■ Requirement ■
Take the records below and set down exactly the lines from the one with "Die in den vergangenen" to the one with "Długopis, bambusowy przycisk, metalowy", ends included; do not copy the pictures.

■ Extracted information ■

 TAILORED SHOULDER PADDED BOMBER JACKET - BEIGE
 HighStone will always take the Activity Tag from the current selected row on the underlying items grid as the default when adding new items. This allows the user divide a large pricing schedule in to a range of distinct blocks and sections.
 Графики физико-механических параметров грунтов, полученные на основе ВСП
...
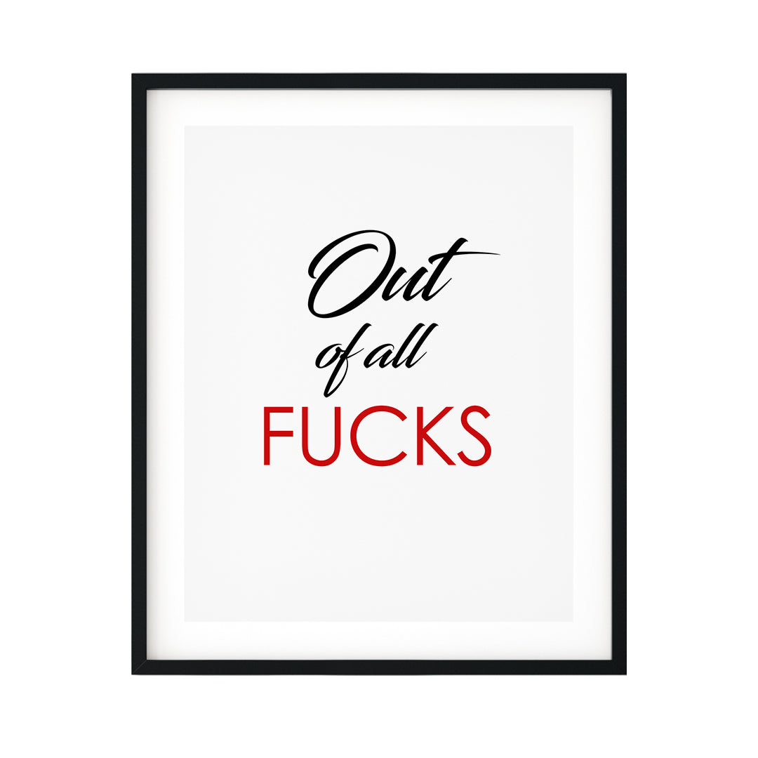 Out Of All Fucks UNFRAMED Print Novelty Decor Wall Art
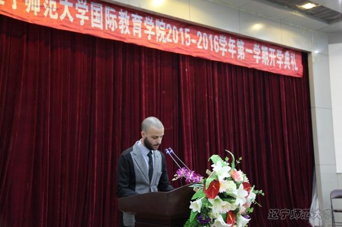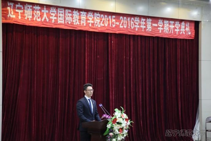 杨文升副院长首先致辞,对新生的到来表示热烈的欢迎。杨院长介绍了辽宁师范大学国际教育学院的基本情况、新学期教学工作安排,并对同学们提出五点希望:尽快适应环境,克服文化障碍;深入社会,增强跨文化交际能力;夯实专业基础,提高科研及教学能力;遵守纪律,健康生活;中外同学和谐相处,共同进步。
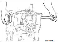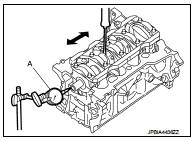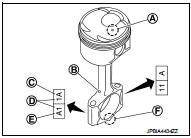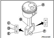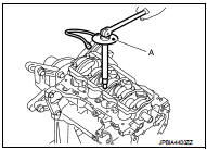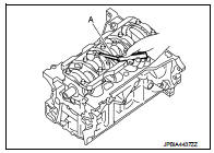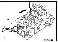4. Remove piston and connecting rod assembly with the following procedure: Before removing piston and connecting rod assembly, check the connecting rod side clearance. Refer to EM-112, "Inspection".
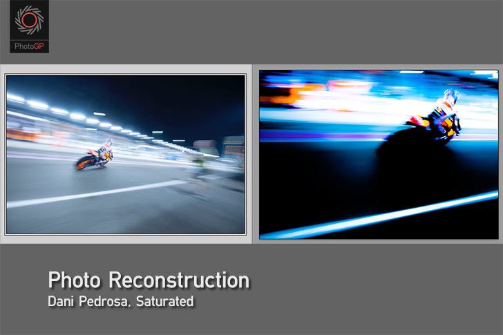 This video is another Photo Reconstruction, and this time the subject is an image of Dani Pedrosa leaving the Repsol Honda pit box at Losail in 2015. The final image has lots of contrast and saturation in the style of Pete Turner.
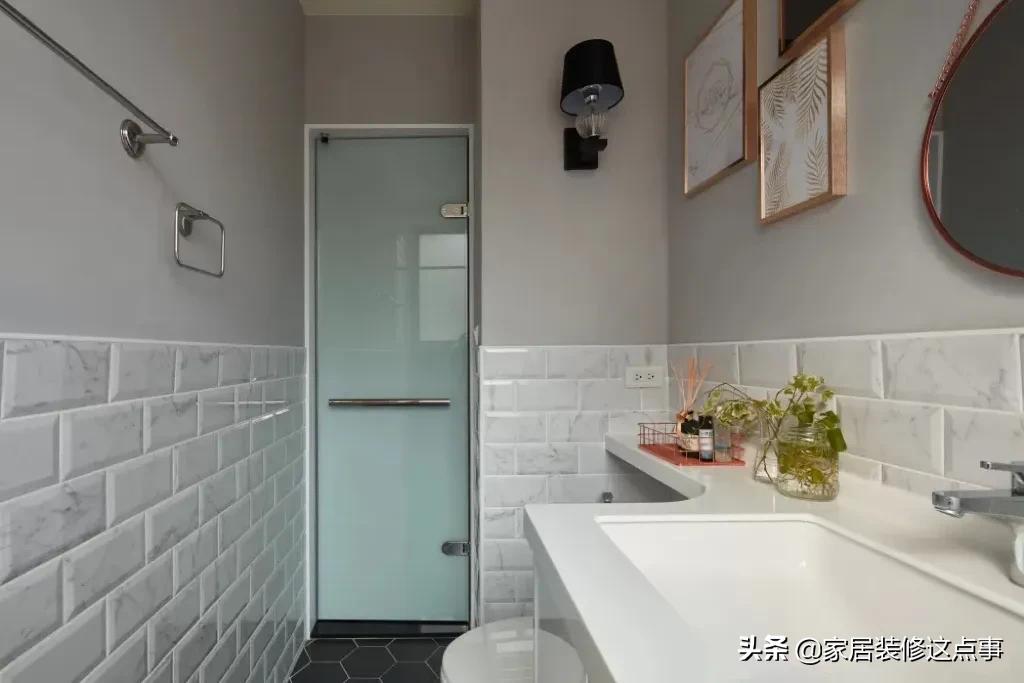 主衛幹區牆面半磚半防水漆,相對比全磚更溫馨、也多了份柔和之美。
==
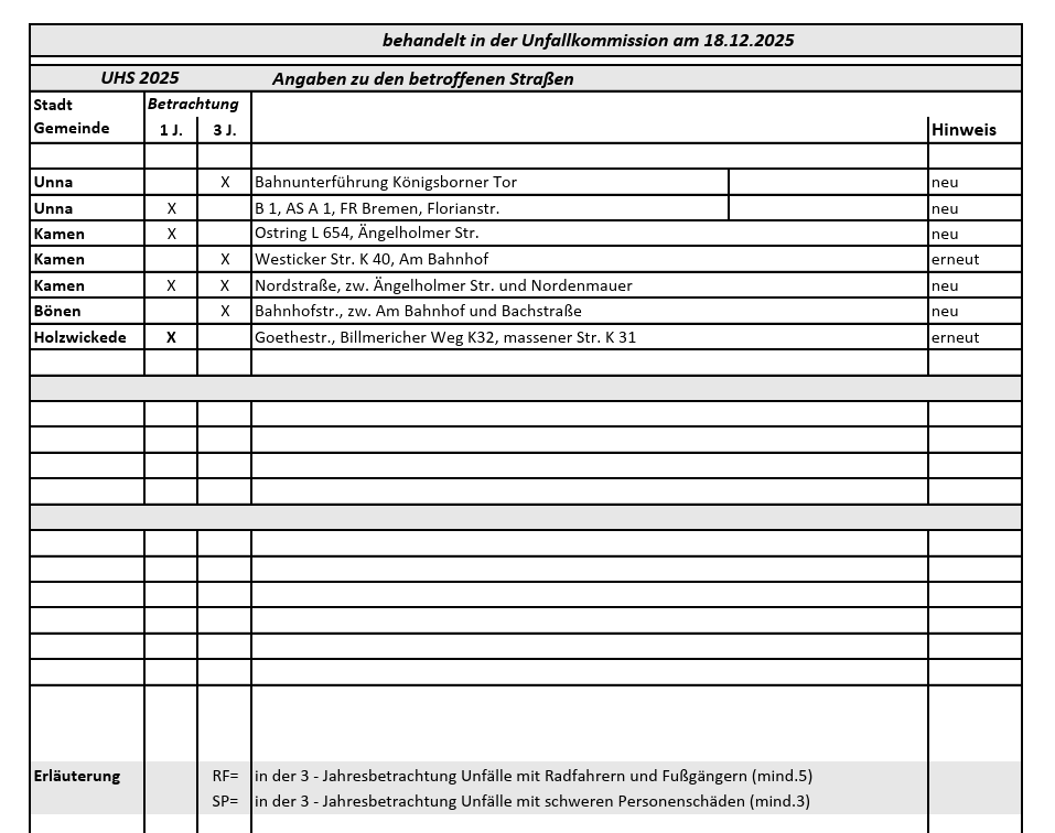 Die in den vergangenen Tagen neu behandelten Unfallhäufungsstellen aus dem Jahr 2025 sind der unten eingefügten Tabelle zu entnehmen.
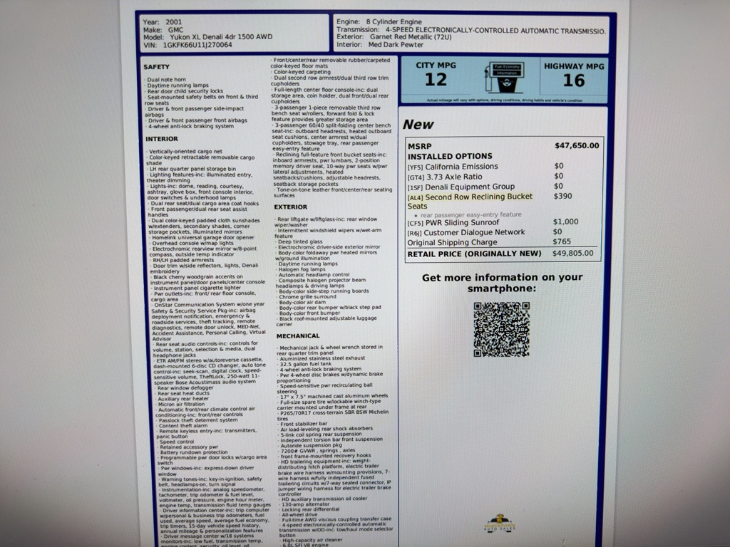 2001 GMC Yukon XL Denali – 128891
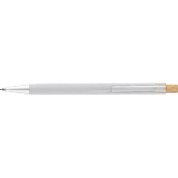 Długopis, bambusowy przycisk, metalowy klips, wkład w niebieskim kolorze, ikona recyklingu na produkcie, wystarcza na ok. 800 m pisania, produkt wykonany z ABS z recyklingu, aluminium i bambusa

■ Answer to the problem ■
 Die in den vergangenen Tagen neu behandelten Unfallhäufungsstellen aus dem Jahr 2025 sind der unten eingefügten Tabelle zu entnehmen.
 2001 GMC Yukon XL Denali – 128891
 Długopis, bambusowy przycisk, metalowy klips, wkład w niebieskim kolorze, ikona recyklingu na produkcie, wystarcza na ok. 800 m pisania, produkt wykonany z ABS z recyklingu, aluminium i bambusa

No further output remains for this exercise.